Elkins's "more of it around than anybody can read" refers mainly to specialist art publications, from the glossiest and most readable to the most hermetic and small-circulation "little magazines." But occasionally, one of the mass-circulation magazines offers what's called in the business a "package" or "takeout" on art. The December 2006 Vanity Fair, for instance, devoted almost 80 pages in what its cover designated "The Art Issue" to the contemporary art "universe." To be fair, the VF treatment did offer a platter of red meat--a symposium on the state of the art world with a prominent dealer, collector, editor, artist, auctioneer and curator, profiles of established and emerging artists, and looks back at the Warhol Factory and the dramatis personae of early modernism. But, in the context of a magazine that smells like a cosmetics counter, feels like a Christmas catalogue and looks like a runway show, art bottom-lined once again as a frou-frou for the trendy rich. In W's "Art Issue," which ran a month earlier, art fared no better.

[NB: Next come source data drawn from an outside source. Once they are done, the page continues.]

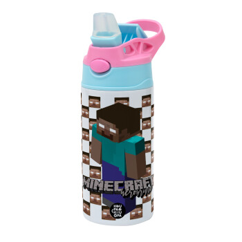 Minecraft herobrine, Παιδικό παγούρι θερμό, ανοξείδωτο, με καλαμάκι ασφαλείας, Ροζ/Σιελ (360ml) BPA FREE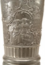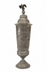 English Renaissance-style (19th Century) pewter chalice with scene in relief and eagle on lid..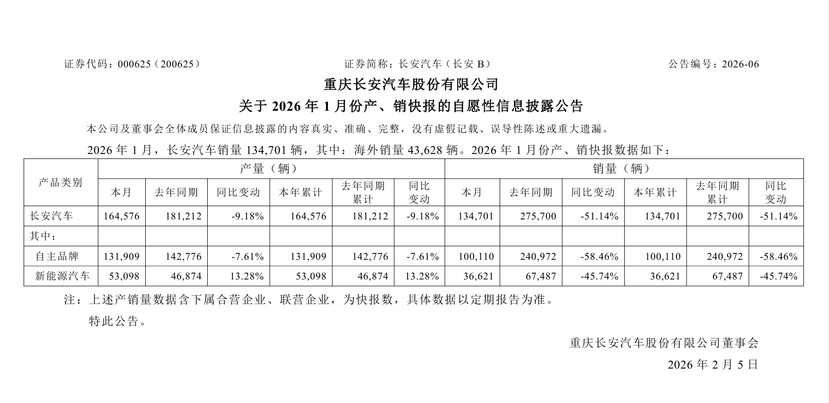 2月4日晚间,长安汽车发布2026年1月产销快报,公司当月销量表现承压,整体销量同比大幅下滑,同时新能源板块呈现产增销减的态势。此前披露的定增募资计划,彰显其布局新能源与智能化领域的战略决心。

Judging by the newspapers of many major American cities and some national magazines, the more straightforwardly journalistic popular press appears to be covering art with some thoroughness. Roberta Smith, Holland Cotter and Michael Kimmelman at the New York Times, Peter Schjeldahl at the New Yorker, Mark Stevens at New York magazine, Jerry Saltz at the Village Voice, Jed Perl at the New Republic, Arthur Danto at the Nation, Ken Johnson (now) at the Boston Globe, Edward Sozanski and Edith Newhall at the Philadelphia Inquirer, Christopher Knight and David Pagel at the Los Angeles Times, Kenneth Baker at the San Francisco Chronicle, Robert L. Pincus at the San Diego Union-Tribune and several others produce a veritable mountain of words about art every month. And most if not all of their publications also print additional art writing by freelancers and stringers.